RECORDED DATA:
========================================

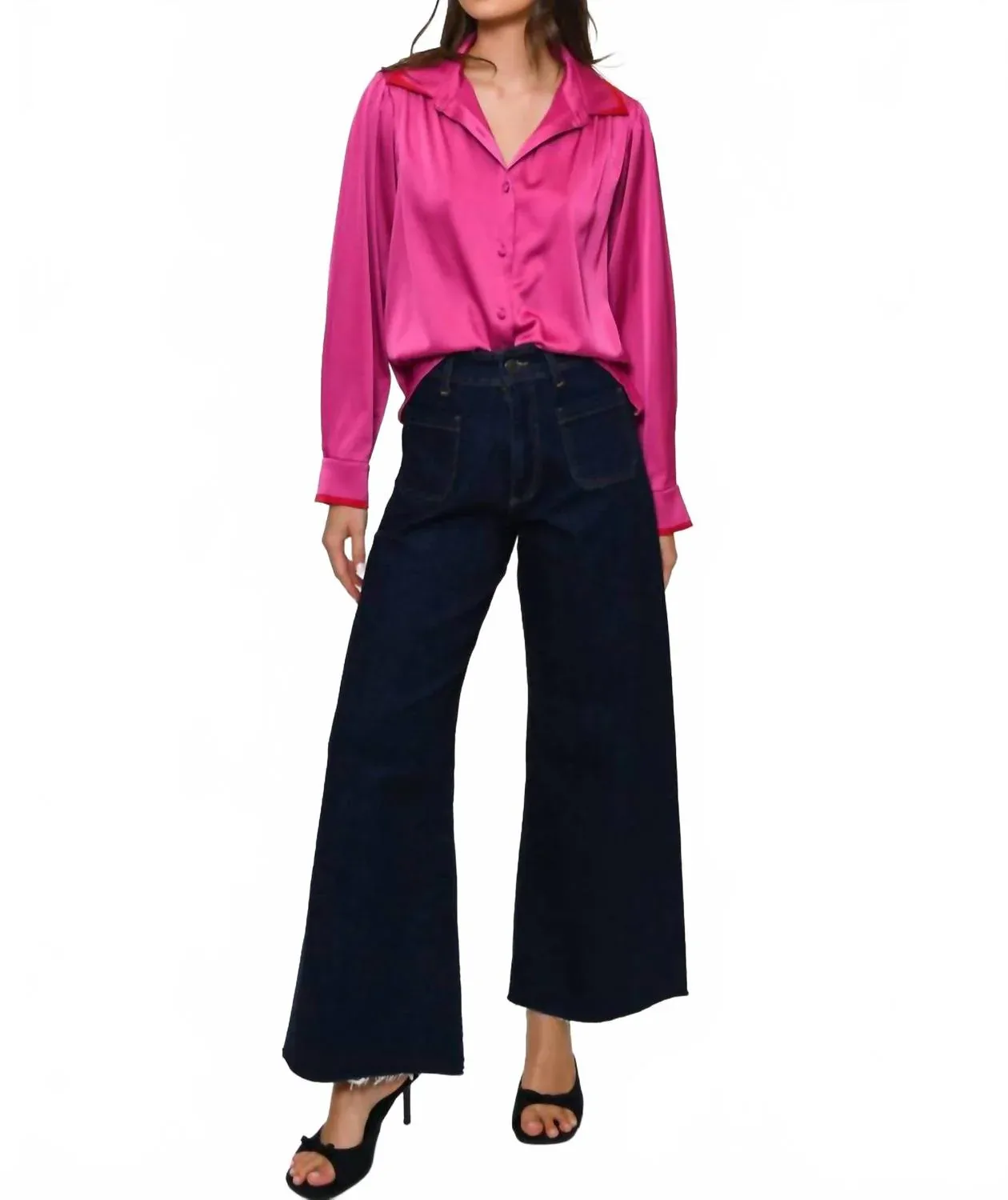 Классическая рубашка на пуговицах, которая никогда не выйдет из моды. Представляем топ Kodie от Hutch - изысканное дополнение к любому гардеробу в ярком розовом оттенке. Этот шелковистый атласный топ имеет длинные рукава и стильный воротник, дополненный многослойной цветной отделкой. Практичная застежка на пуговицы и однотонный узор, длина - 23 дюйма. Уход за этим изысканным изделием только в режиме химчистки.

========================================

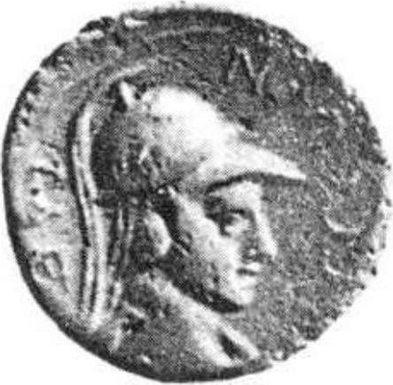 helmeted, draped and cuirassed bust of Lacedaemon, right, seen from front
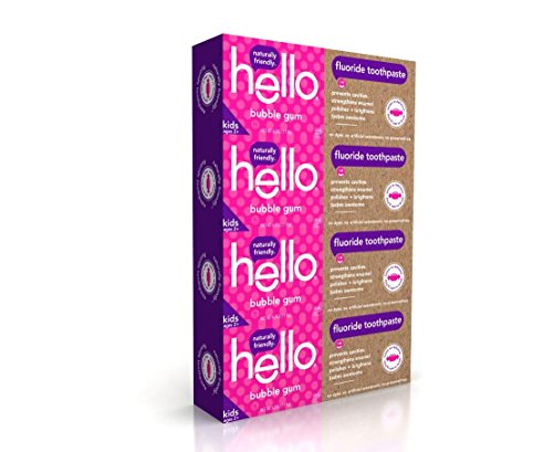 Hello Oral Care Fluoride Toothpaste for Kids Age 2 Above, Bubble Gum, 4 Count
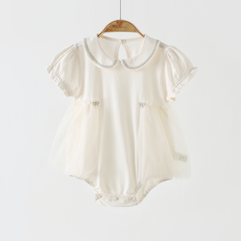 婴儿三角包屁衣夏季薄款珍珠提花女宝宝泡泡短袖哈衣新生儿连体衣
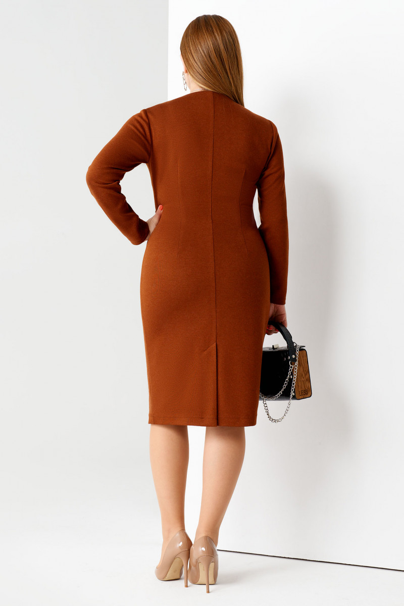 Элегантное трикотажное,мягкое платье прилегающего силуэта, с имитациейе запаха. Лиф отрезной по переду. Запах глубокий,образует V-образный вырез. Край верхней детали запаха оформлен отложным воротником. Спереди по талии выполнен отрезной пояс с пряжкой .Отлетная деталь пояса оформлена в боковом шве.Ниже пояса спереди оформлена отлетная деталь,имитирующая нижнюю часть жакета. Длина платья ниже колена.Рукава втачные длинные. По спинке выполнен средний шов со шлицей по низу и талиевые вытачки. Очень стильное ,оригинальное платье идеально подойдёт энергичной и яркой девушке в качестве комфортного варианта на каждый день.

========================================

PROBLEM DETAILS: Look above for the line holding "婴儿三角包屁衣夏季薄款珍珠提花女宝宝泡泡短袖哈衣新生儿连体衣" and output everything from it down to the line holding "Элегантное трикотажное,мягкое платье", both ends included, exactly and without images.

TASK ANSWER:
 婴儿三角包屁衣夏季薄款珍珠提花女宝宝泡泡短袖哈衣新生儿连体衣
 Элегантное трикотажное,мягкое платье прилегающего силуэта, с имитациейе запаха. Лиф отрезной по переду. Запах глубокий,образует V-образный вырез. Край верхней детали запаха оформлен отложным воротником. Спереди по талии выполнен отрезной пояс с пряжкой .Отлетная деталь пояса оформлена в боковом шве.Ниже пояса спереди оформлена отлетная деталь,имитирующая нижнюю часть жакета. Длина платья ниже колена.Рукава втачные длинные. По спинке выполнен средний шов со шлицей по низу и талиевые вытачки. Очень стильное ,оригинальное платье идеально подойдёт энергичной и яркой девушке в качестве комфортного варианта на каждый день.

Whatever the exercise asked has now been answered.